-- Opening Marker --

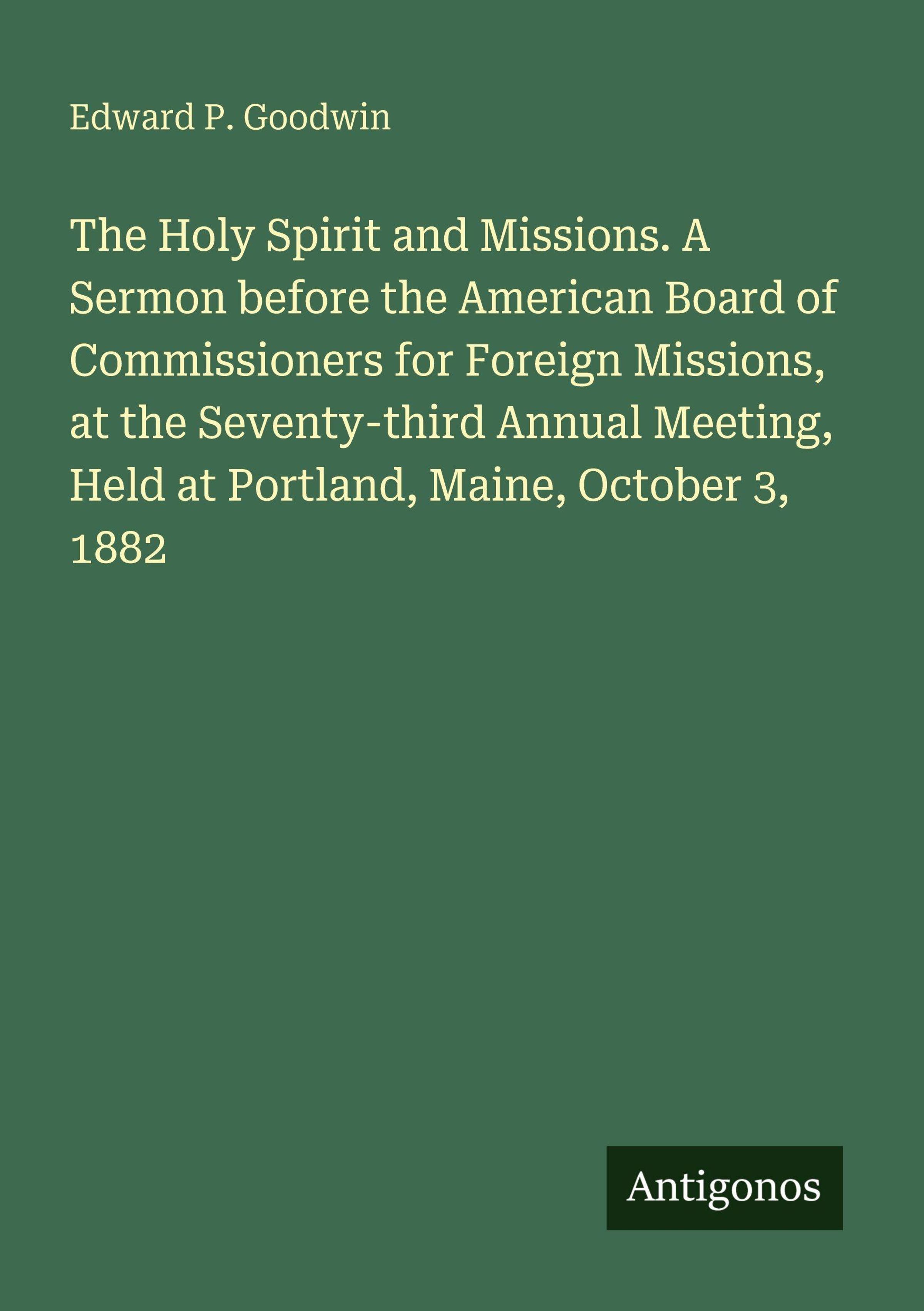 Edward P. Goodwin: The Holy Spirit and Missions. A Sermon before the American Board of Commissioners for Foreign..., Kartoniert / Broschiert
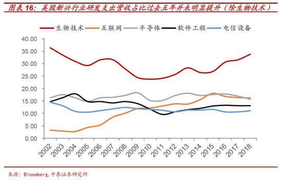 比孱弱的制造业产出更为严重的是:美国企业对于创新投入的下降。企业研发支出占现金比重仅为11%远低于用于股票回购的27%。 从各细分成长行业的研发支出占营收比重看,与五年前相比,除了生物技术(33%)研发支出占比保持增长外,包括互联网、半导体(研发占比15%)、软件及消费电子(12%)等在内的行业研发支出占比均没有明显的提升,甚至略微下降。
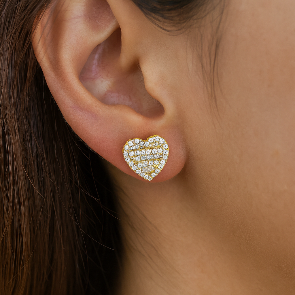 These charming 14K yellow gold earrings sparkle with a mix of baguette and round diamonds in a lovely heart shape. With their secure screw back closures, they’re comfy enough for all-day wear. Perfect for stacking or gifting, these iced-out hearts add a playful yet luxurious touch to any look. Show off your shine and wear your heart on your ears every day!
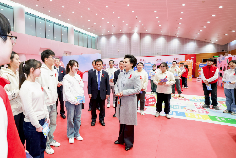 主题宣传活动前,彭丽媛等参观了“美好青春我做主”红丝带青春校园行十年历程展示,了解京津冀高校防艾宣传工作成效,同参加校园防艾宣传活动的大学生亲切交流,慰问医务人员、志愿者等,勉励大家继续携手努力,共同参与艾滋病防治工作,传递更多健康向上的防艾正能量,让艾滋病远离校园。
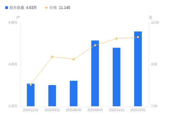 近一年(2024年12月31日至2025年10月10日),芭田股份A股股东户数从3.63万户,增加至4.32万户,增幅18.95%,区间股价上涨31.24%。
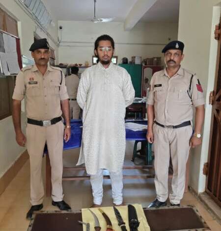 बीती रात अवैध शराब के आरोपियों को छुड़ाने की सिफारिश करने आए युवक के कब्जे से मिला अवैध धारदार हथियार।
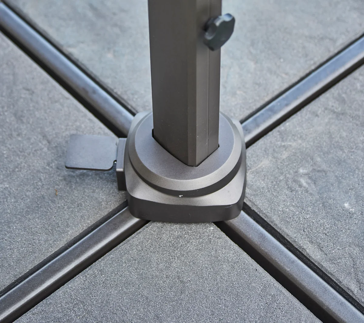 4 plattor som passar till Hyde Luxe-parasollet. Den starka basen består av fyra stora plattor som placeras i det medföljande metallkorset för parasollet, vilket gör det motståndskraftigt mot vind och väder. Den fyrkantiga parasollbasen skapar en solid och stark grund för ditt Hyde Luxe-parasoll. Betongplattorna har ett naturligt och tidlöst utseende som passar in i de flesta utomhusmiljöer.

-- Closing Marker --

TASK PROMPT.
A faithful copy is needed of the lines from the one containing "近一年(2024年12月31" through the last line of the data above, with pictures left out.

RESULT FOR THIS EXERCISE.
 近一年(2024年12月31日至2025年10月10日),芭田股份A股股东户数从3.63万户,增加至4.32万户,增幅18.95%,区间股价上涨31.24%。
 बीती रात अवैध शराब के आरोपियों को छुड़ाने की सिफारिश करने आए युवक के कब्जे से मिला अवैध धारदार हथियार।
 4 plattor som passar till Hyde Luxe-parasollet. Den starka basen består av fyra stora plattor som placeras i det medföljande metallkorset för parasollet, vilket gör det motståndskraftigt mot vind och väder. Den fyrkantiga parasollbasen skapar en solid och stark grund för ditt Hyde Luxe-parasoll. Betongplattorna har ett naturligt och tidlöst utseende som passar in i de flesta utomhusmiljöer.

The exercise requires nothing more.